X- Trikomonas Vajiniti (Trikomoniazis):
Etken: Bir protozoon olan Trichomonas vaginalis’tir.
Cinsel temasla bulaşır.
Erkekler genellikle asemptomatiktir, akıntı ve idrar yaparken yanma olabilir.
Kadınlar genellikle asemptomatiktir, ilişki esnasında ağrı, ağrılı idrar, bol, kötü kokulu,
yeşilimsi-sarı, köpüklü vajinal akıntı ve genital kaşıntı olabilir.
Tanı: Akıntıdan hazırlanan yaymada, hareketli protozoalar görülür.
Tedavi: Metronidazol 2 gr tek doz veya 2 x 500 mg, 7 gün süreyle kullanılabilir.
XI- Hepatitis B:
Son yıllarda hızla yayılan bir enfeksiyondur.
Virüs enfekte kişinin kan, semen, vajinal sekresyonlarında ve tükrüğünde bulunur.
En sık korunmasız cinsel ilişki veya paylaşılan iğnelerden bulaşır.
Sıklıkla asemptomatiktir. Taşıyıcıların yaklaşık % 50 sinde hiç semptom gelişmez.
Enfekte kişi semptom gelişiminden 4-6 hafta önce diğer insanları enfekte edebilir ve
bulaştırıcılık semptomlar kaybolduktan sonra da uzun süre devam eder.
Hastaların %10’unda siroz ve ca gibi ciddi karaciğer hastalıkları riski vardır.
En etkili korunma yöntemi aşılamadır.
Bütün kan donörleri Hepatit B yönünden taranmalıdır.
XII- Pedikülozis Pubis:
Yakın ilişki veya ortak kullanılan çarşaf, havlu veya giysilerle bulaşır.

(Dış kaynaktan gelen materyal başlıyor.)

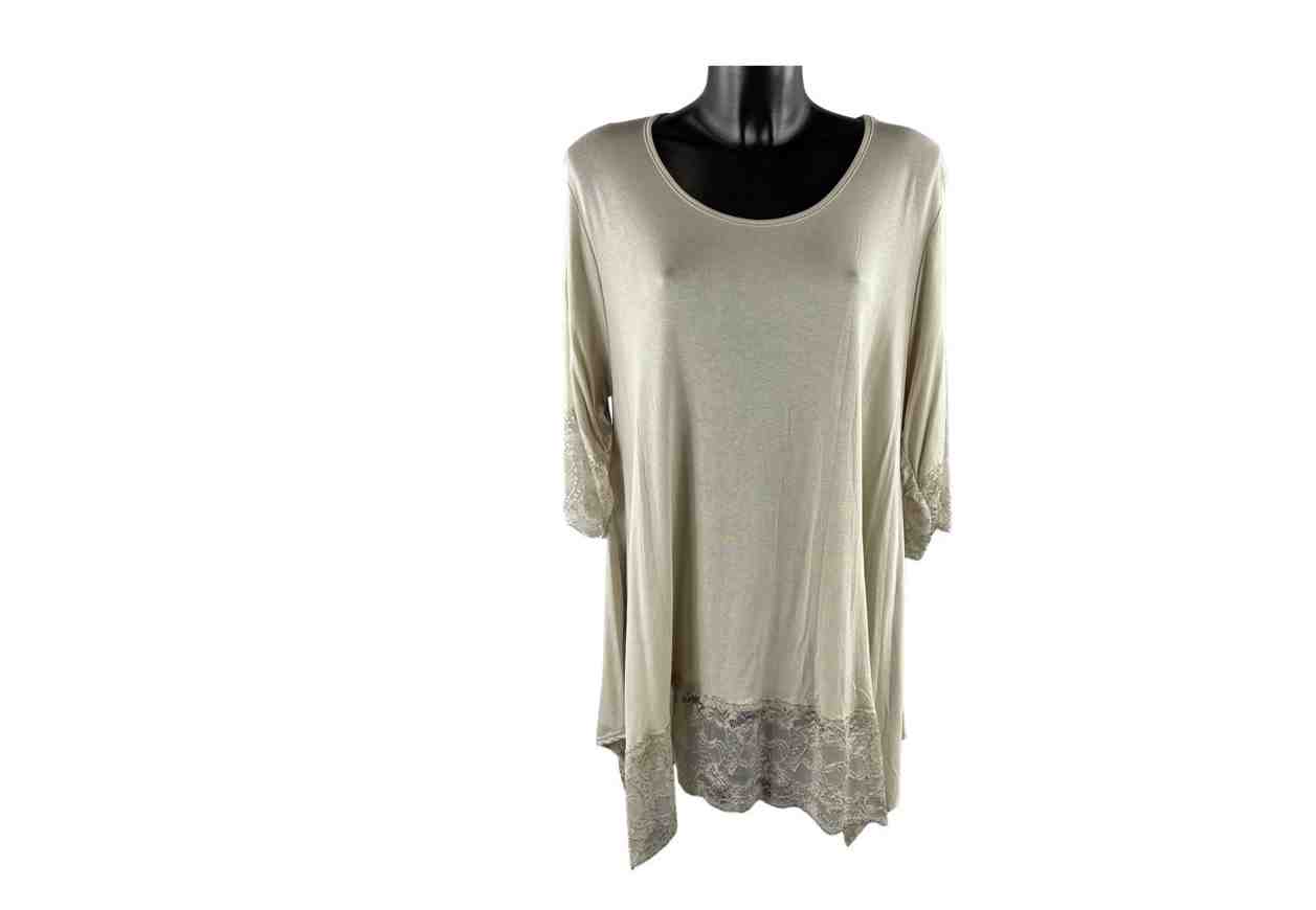 (S) GG Maglia in tinta unita con manica 3/4 e profili in pizzo.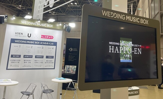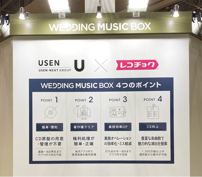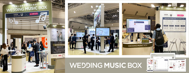 株式会社USEN-NEXT HOLDINGS(本社:東京都品川区、代表取締役社長CEO:宇野 康秀)のグループ会社である株式会社USEN(本社:東京都品川区、代表取締役社長:田村 公正、以下、USEN)と株式会社レコチョク(本社:東京都渋谷区、代表取締役社長:板橋 徹、以下、レコチョク)は、協業による披露宴BGMサービスパッケージ『WEDDING MUSIC BOX』を訴求するため、2023年5月30日(火)〜5月31日(水)に東京ビッグサイト西3ホールで開催された企業・法人向け展示会「ブライダル産業フェア 2023」に共同出展しました。展示会は、2日間で1万714名(主催者発表)が来場し、『WEDDING MUSIC BOX』のブースも多くの方にお立ち寄りいただきました。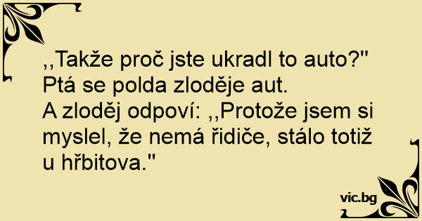 A zloděj odpoví: ,,Protože jsem si myslel, že nemá řidiče, stálo totiž u hřbitova.''

Semptomlar pubik bölgede özellikle geceleri artan kaşıntı ve mavimsi maküllerdir.
Kaşıntı sonucu sekonder enfeksiyonlar gelişebilir.
Tedavi sonrası yataklar, havlular ve giysiler yüksek ısıda yıkanmalıdır.
XIII- Skabies:
Etken: Sarcoptes scabiei hominis’tir
Enfekte kişiyle yakın temas, ortak kullanılan giysi, yatak ve havlularla bulaşır.
Semptomlar; etkilenen bölgelerde kırmızı, kaşıntılı papüller ve tünel oluşumudur.
Kaşıntıya bağlı sekonder enfeksiyonlar görülür.
Tedavinin yanısıra kullanılmış bütün giysiler, havlular, çarşaflar kaynatılmalıdır.